The file name of the backdoor module is
We studied all MEDoc updates released in 2017, and found that at least three updates contained a backdoor module:
Check the dates. The attack with Win32 / Filecoder.AESNI.C (XData) began three days after the update 10.01.180-10.01.181; DiskCoder.C - five days after the update of 10.01.188–10.01.189. Four updates in the period from April 24 to May 10 and seven - from May 17 to June 21 did not contain a malicious module.
An interesting point is connected with the encoder AESNI.C. The MEDoc update of May 15 contained a backdoor, and the following, of May 17, did not. Perhaps this is due to a relatively small number of infections - the attackers launched the encryptor on May 18, when most MEDoc users have already installed a secure update.
The timestamps of the studied files suggest that they were compiled on the same day or the day before.
Figure 1. The timestamp of the update module compilation with backdoor, released on May 15th.
Figure 2 shows the differences between the class list of
Figure 2. List of module classes with backdoor (left) and without (right).
The class containing the main backdoor is called
Figure 3. The MeCom class with malicious code, as shown in ILSpy .NET Decompiler.
The methods of the MeCom class are called from the
Each Ukrainian company is assigned a legal entity identifier - a code according to the EDRPOU (Unified State Register of Enterprises and Organizations of Ukraine).

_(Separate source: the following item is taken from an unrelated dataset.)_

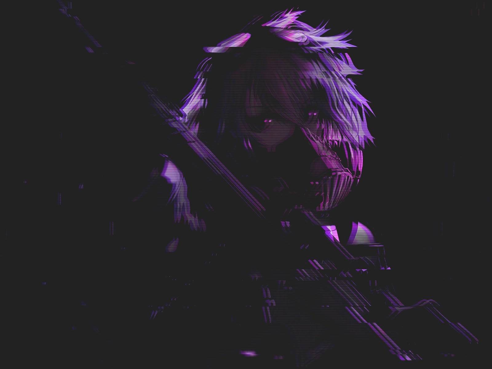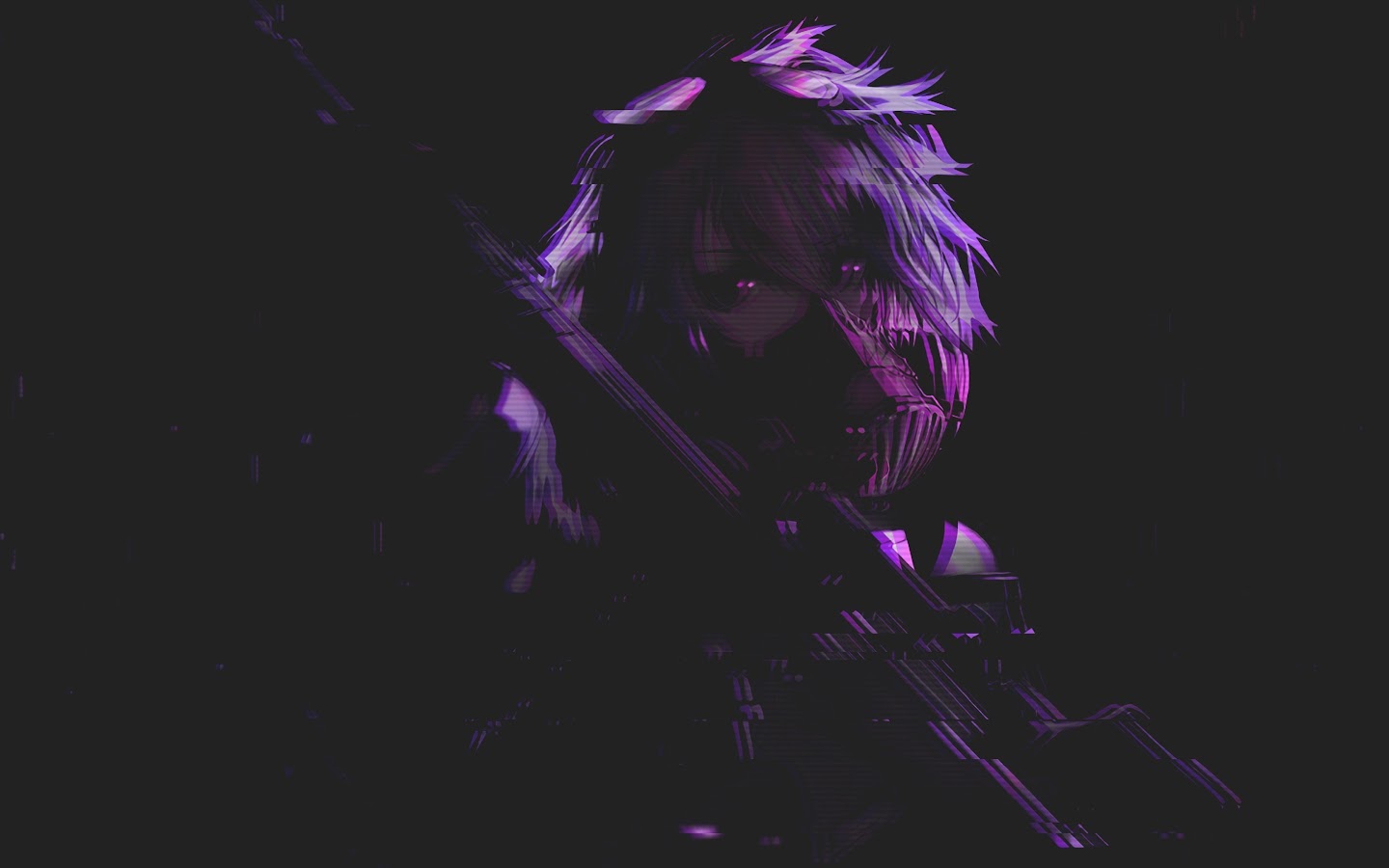 Anime, Women, Purple Hair, Purple Clothing, Black 4K Wallpaper Background with a maximum resolution of 3840x2160 px.

This is useful for attackers - by code you can identify the organization using the MEDoc version with backdoor. Next, attackers can use various tactics to work with its network - it all depends on the goals.

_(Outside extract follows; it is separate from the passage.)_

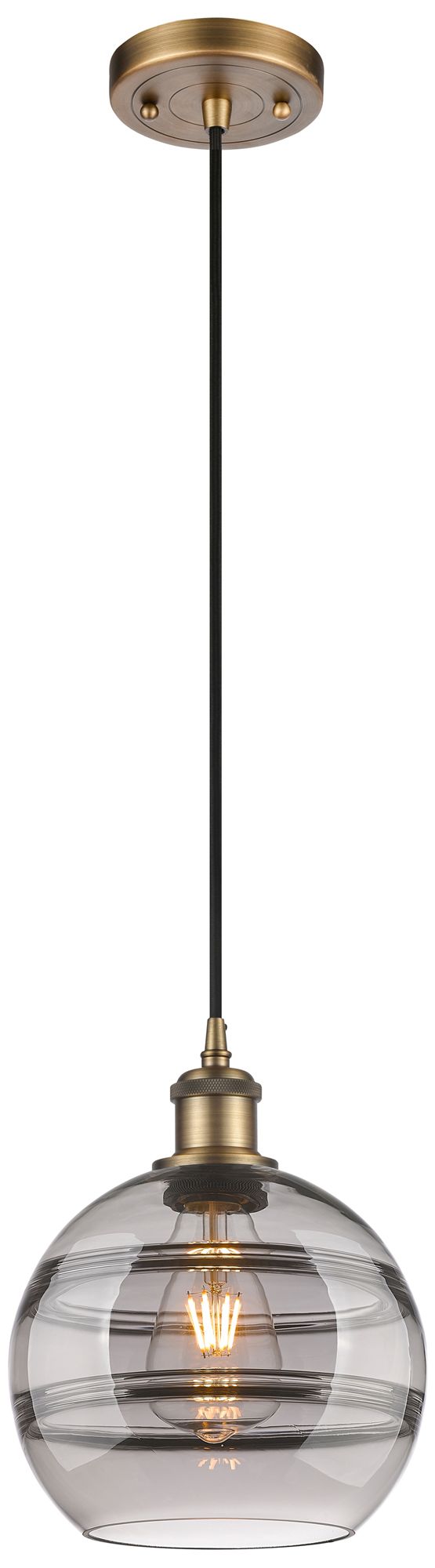 Ballston Rochester 8"W Brushed Brass Corded Mini Pendant w/ Smoke Shad

Since MEDoc is used for accounting, it can be assumed that EDRPOU codes will be found on the machines on which this software is installed. Malicious code injected into the
Figure 4. Code collecting codes.
In addition to the EDRPOU codes, the backdoor from the MEDoc application collects information about the proxy and mail service settings, including logins and passwords.
Attention! ESET recommends that all MEDoc users change their passwords for proxy servers and email accounts.

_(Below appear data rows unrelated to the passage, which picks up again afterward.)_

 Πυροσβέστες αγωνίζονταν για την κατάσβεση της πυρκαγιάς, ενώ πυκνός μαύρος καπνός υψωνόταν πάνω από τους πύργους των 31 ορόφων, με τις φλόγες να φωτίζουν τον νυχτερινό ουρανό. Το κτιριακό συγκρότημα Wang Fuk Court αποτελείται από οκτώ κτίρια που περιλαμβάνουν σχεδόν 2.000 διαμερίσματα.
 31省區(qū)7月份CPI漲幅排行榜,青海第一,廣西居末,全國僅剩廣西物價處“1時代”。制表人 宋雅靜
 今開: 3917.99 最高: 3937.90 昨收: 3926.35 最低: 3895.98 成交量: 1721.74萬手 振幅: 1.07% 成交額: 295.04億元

The malicious code writes information collected to the Windows registry under the key
And the most interesting part. The backdoor does not use external servers as C & C, their role is performed by MEDoc requests to its official server upd.me-doc.com [.] Ua to check for updates. The only difference from the legitimate request is that the backdoor sends the collected information to the cookie.
Figure 5. HTTP backdoor request that contains EDMER codes in cookies.
We did not perform a retrospective analysis of the MEDoc server. However, as we reported in the last report, there are signs that he was compromised. Therefore, we assume that the attackers used the server software, which allowed us to distinguish requests from compromised and clean machines.
Figure 6. Backdoor code that adds cookies to the request.
Of course, the authors of the backdoor provided the ability to control the infected machine. The code gets a binary blob from the official MEDoc server, decrypts it using the Triple DES algorithm, and then unpacks it using GZip. The result is an XML file that can contain several commands at once. The ability to remote control turns the backdoor into a fully functional platform for cyber espionage and sabotage.
Figure 7. The backdoor code decrypts incoming operator commands.
The table below shows the possible commands:
It is worth noting that the team 5, named by the authors of Malvar AutoPayload, fully corresponds to how DiskCoder.C was launched on “zero patients” - the machines that started the network infection.
Figure 8. The AutoPayload function was used to execute DiskCoder.C.
As the study shows, the operation was carefully planned and implemented. We assume that attackers had access to the source code of the MEDoc application. They had time to study the code and embed a hidden complex backdoor in it. The size of the MEDoc application is about 1.5 GB, and we haven’t yet had enough time to check if there are any other backdoors in it.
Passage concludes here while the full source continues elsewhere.